Did he ever think Ward would be police chief?
"Thirty years ago? No," McInnes said. "But did I think he had the potential? Yes."
• • •
Ward served as an officer for more than a decade before his first promotion, to detective, in 2002. He made sergeant in 2004. Then lieutenant in 2009.
He served as a commander of the department's specialty teams — SWAT, bomb team, hostage negotiation — work that solidified his leadership skills.
But he said the defining moment of his career was the day he was sworn in at age 21. It was a big achievement, he said.
He joined the ranks in 1988, a tense time between police and the community where he grew up. In 1987, Tampa saw three days of riots. The city has changed, Ward said.

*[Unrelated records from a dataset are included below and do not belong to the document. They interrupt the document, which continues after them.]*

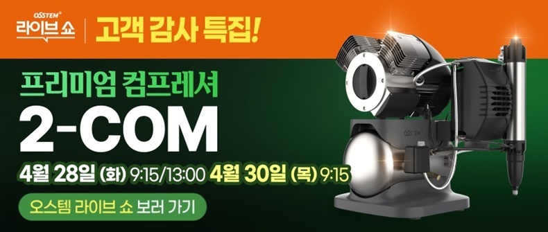 [치과신문_신종학 기자 sjh@sda.or.kr] 오스템임플란트(회장 최규옥·이하 오스템)가 운영하는 OSSTEM 라이브쇼가 오는 4월 28일부터 30일까지 프리미엄 컴프레셔 ‘2-COM’을 30대 한정 판매를 진행한다. 해당 제품은 우수한 내구성과 환자 감염관리에 용이해 출시 후 개원의들의 관심이 높아 많은 관심이 집중될 것으로 기대된다.
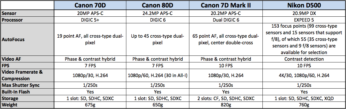 Canon 80D Spec Comparison
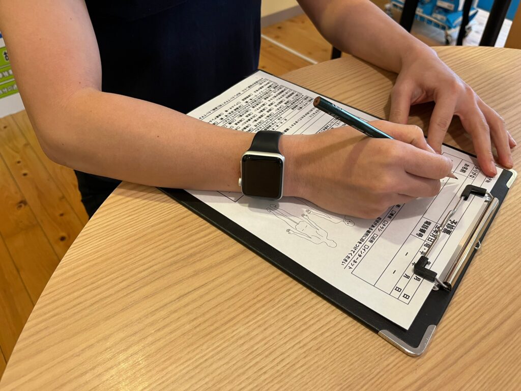 問診票に書かれた内容だけでなく、気になる症状や痛みを感じる箇所がございましたら、スタッフへ遠慮なく仰ってください。
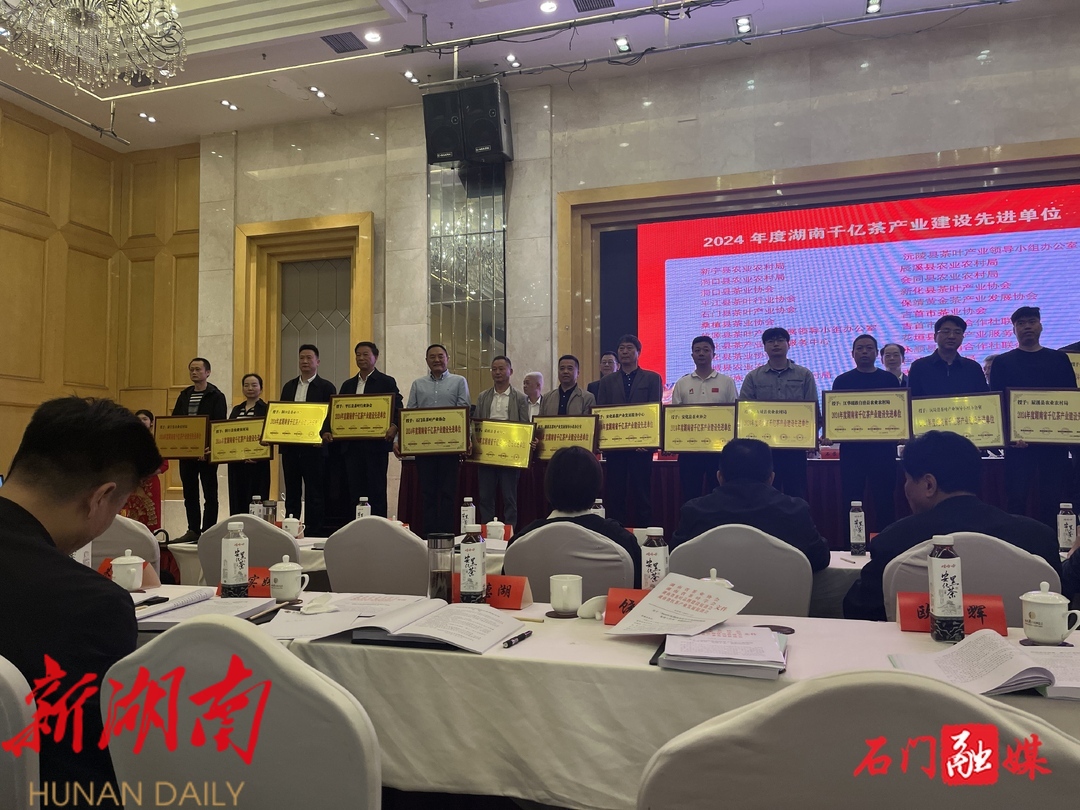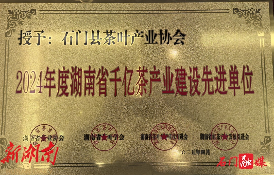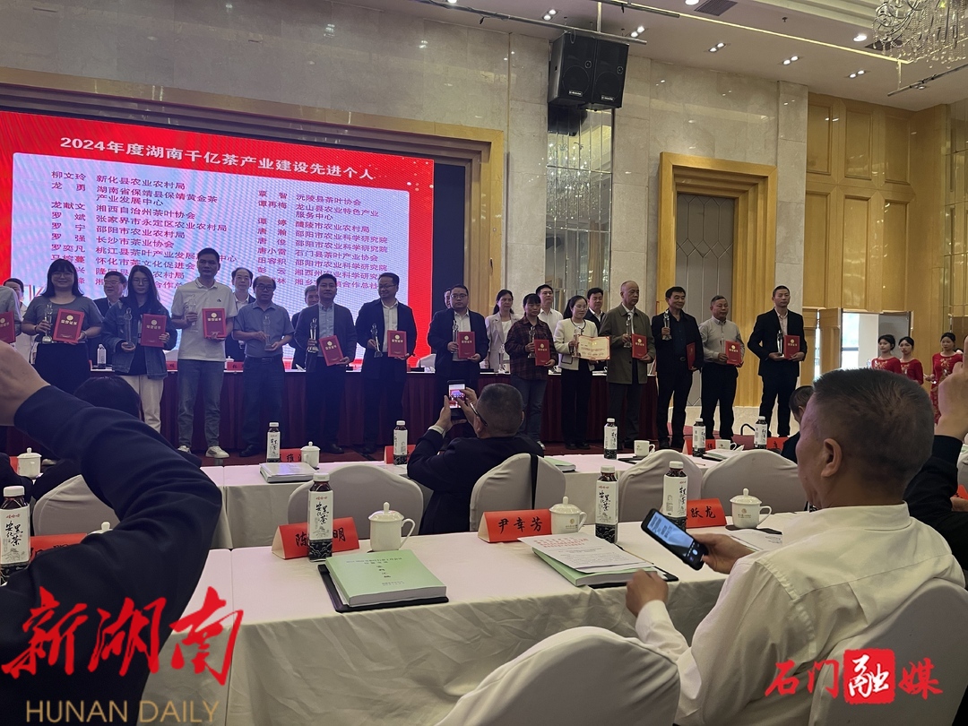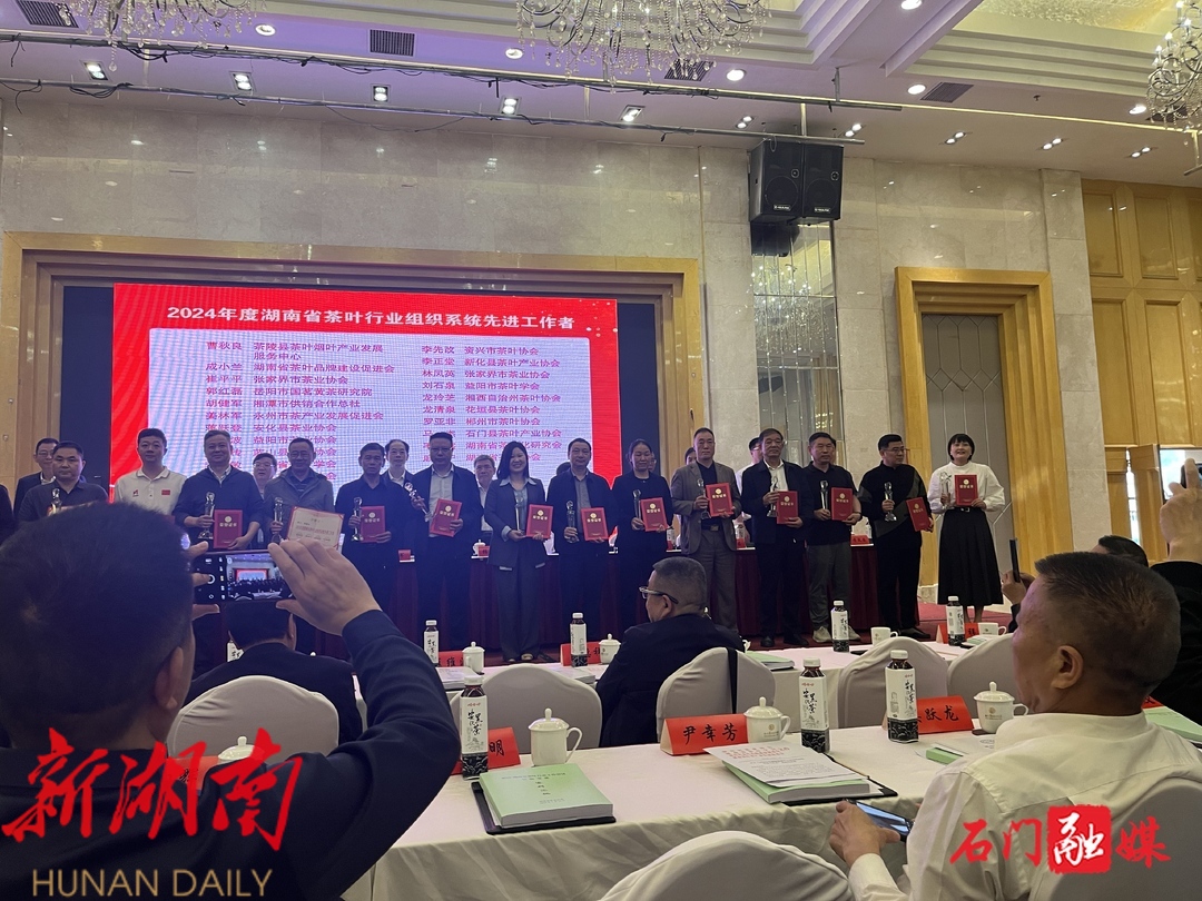 石门县茶叶产业协会荣膺“2024年度湖南千亿茶产业建设单位”。唐小雷、马杰分别荣获“2024年度湖南省千亿茶产业先进个人”和“2024年度湖南省茶业行业组织系统先进工作者”。
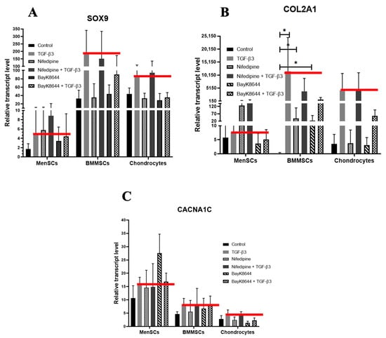 The effect of nifedipine and BayK8644 on chondrogenic differentiation-related genes in MenSCs, BMMSCs and chondrocytes. The expression of SOX9 (A), COL2A1 (B) and CACNA1C (C) after the stimulation of chondrogenic differentiation for the 21 days with TGF-β3 (10 ng/mL), nifedipine (10 μM) or BayK8644 (10 μM). Control cells were cultured under the same chondrogenic differentiation conditions, but without TGF-β3, nifedipine or BayK8644. Relative transcript level evaluated according to the housekeeping genes B2M and RPS9. Red lines represent the gene expression after the TGF-β3 stimulation. Data are shown as mean ± standard deviation (SD) and were significant at * p ≤ 0.05.
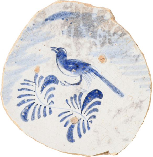 | 5c decoratie | blauwe beschildering: vogel op tak inwendig: blauw |
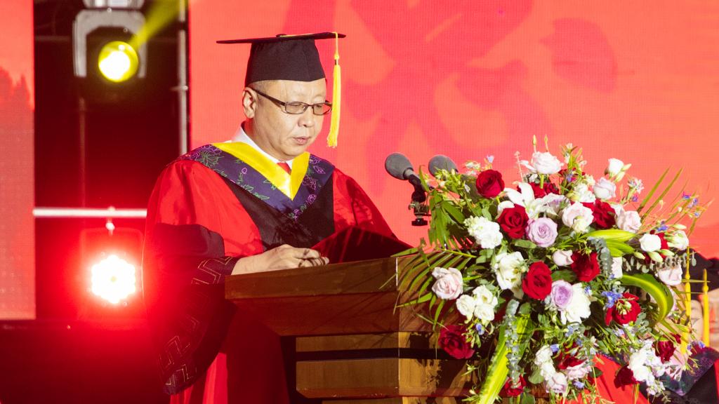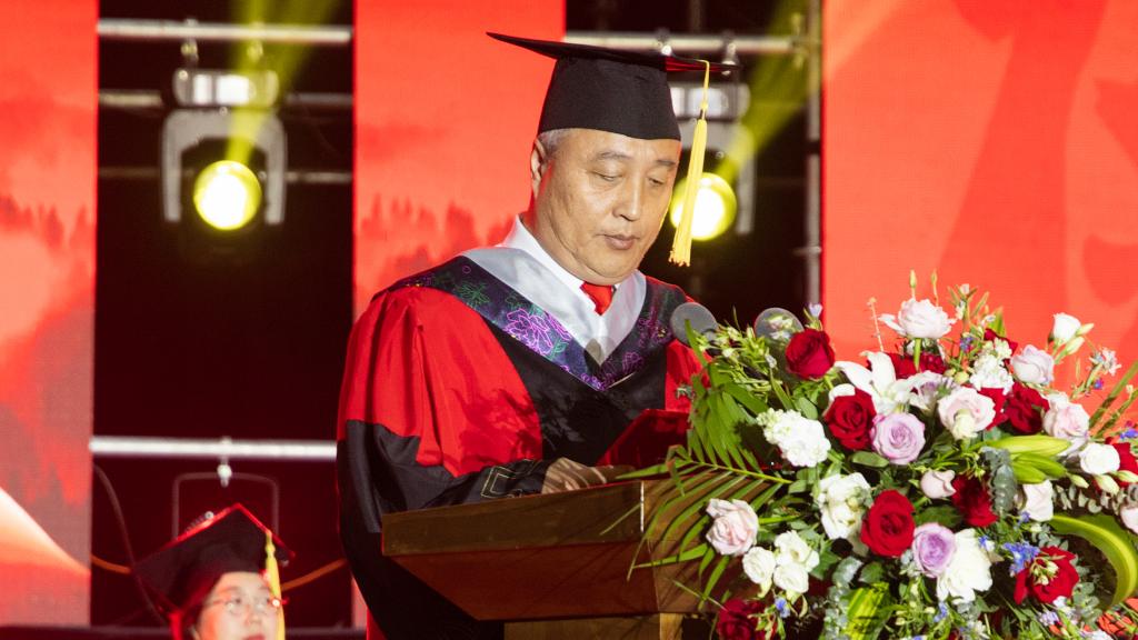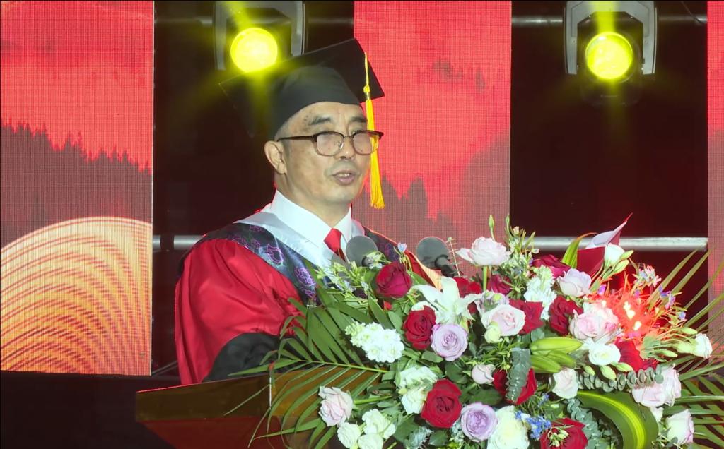 张玉柱深情回顾了学生们在校四年的学习和生活历程,对他们陪伴母校度过的非凡岁月表示由衷的感谢。他强调,毕业生们不仅是学校发展的见证者和亲历者,更是推动学校发展建设的积极参与者,他们的成绩和进步是母校最为宝贵的财富。

And part of it, was through better relationships between officers and citizens.
Yet the most affecting moment for Ward from that time was the death of a fellow officer. He had barely a week on the force when Officer Porfirio Soto, who had served with the department for 18 months, was shot and killed serving an arrest warrant.
"That was probably the most eye-opening experience for me, the death of a police officer," Ward said. "Because I couldn't rationalize why somebody would want to hurt a police officer, somebody who's out there trying to help the community."
Where many people only complain about police, Ward said, he has always sought to make change from within.
He has done it through his involvement with the RICH Houses, police-sponsored facilities for disadvantaged kids and their families. He has done it through his involvement with the Police Athletic League. And now, as chief, he wants to do it by revamping the department's community relations efforts.
He wants officers out of their cars. He wants them talking with people, listening to their frustrations. Young people, especially.
"A kid left idle will think of things to do," he said. "We need to get them before they get to that point."